Jadi mereka sih memang ikut pendapat ulama, tetapi hanya terbatas pada
ulama yang pendapatnya sesuai dengan selera mereka sendiri saja. Kalau
pendapat seorang ulama ternyata tidak sesuai dengan selera, pendapat ulama itu pun dibuang jauh-jauh. Lucunya, seringkali dalam beberapa pendapat, si ulama yang ditaklidi ini ternyata punya pendapat yang tidak sesuai dengan selera mereka, maka tulisan para ulama ini pun disembunyikan. Kalau perlu, mereka bisa cetak kitabnya, tetapi materi
yang sekiranya kurang sesuai dengan selera mereka pun bisa dihapus. Maka kita menemukan begitu banyak kitab para ulama dicetak dan beredar, tetapi isinya sudah diputar-balik sedemikian rupa, sehingga seolah-olah penulisnya itu 100% cocok dengan selera mereka. Padahal yang sebenarnya terjadi adalah kitmanul-haq, atau setidaknya sebuah
pengkhianatan. Dalam istilah ilmu hadits, namanya tadlis.

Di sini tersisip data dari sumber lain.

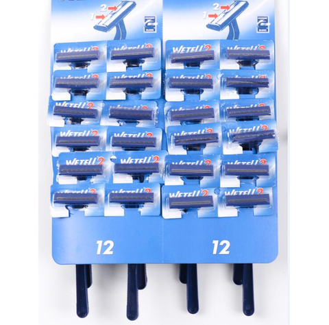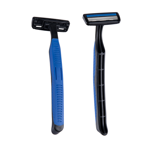 Maquinilla de afeitar desechable con mango de plástico y 2 cuchillas
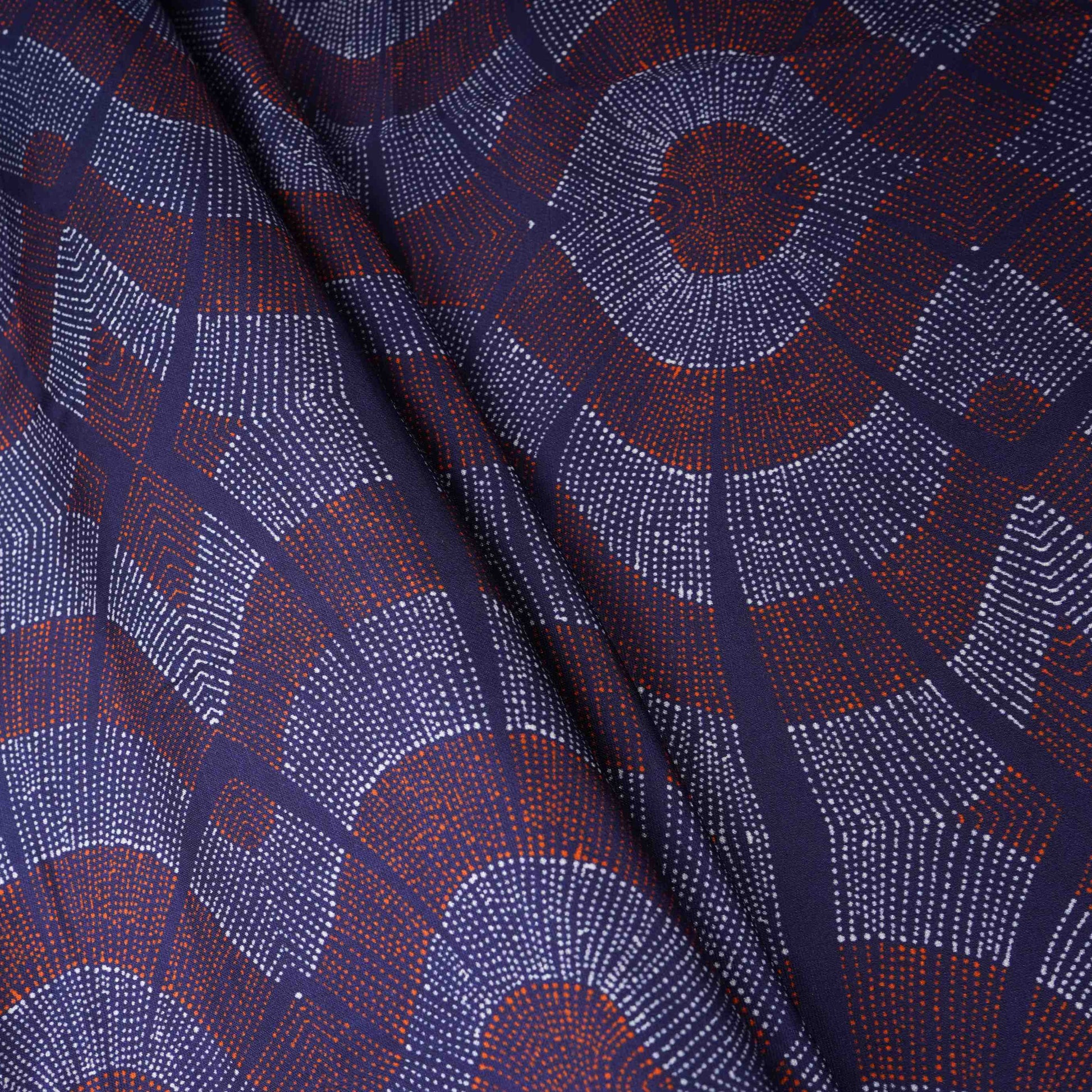 Product Name Navy Blue Abstract Print Satin Linen Fabric MT-30979

Fakta di lapangan yang sering kita temukan, ternyata pendapat para
tokoh yang mengaku salafi ini tidak selamanya sejalan, banyak sekali
perbedaan pendapat yang pecah di tengah mereka. Padahal semuanya
adalah icon dan tokoh salafi Jadi meski sudah sama-sama berpaham salafi tetapi ternyata mereka pun berbeda pendapat juga. Lucunya, sesama mereka pun banyak saling hujat, saling caci dan saling memaki. Murid-murid yang kemarin sore baru belajar pun ketularan penyakit yang sama. Tidak tahu urusan, yang penting kasih komen dimana-mana, sambil menghina, mencaci, menghujat.
Kasihan juga murid-muridnya, sudah terlanjur disuruh membenci segala
yang bukan berbau salaf, ternyata sesama orang yang mengaku salaf
sendiri pun tidak akur juga. Lucunya, kalau fakta ini diajukan kepada mereka, jawab mereka bahwa kita harus menerima kalau para ulama berbeda pendapat. Tetapi kalau yang berbeda pendapat ulama di luar wilayah mereka, tetap saja mereka perangi.
Semoga Allah SWT menurunkan rahmat, hidayah serta ilmu-Nya yang
diberkahi kepada kita semua, agar tidak mudah mencaci maki orang, khususnya para ulama dan ilmu-ilmu yang telah mereka wariskan kepada kita. Dan semoga kita bisa menjadi murid-murid yang santun, shalih, beradab, berakhlaq mulia, serta tidak merasa paling pintar sendirian.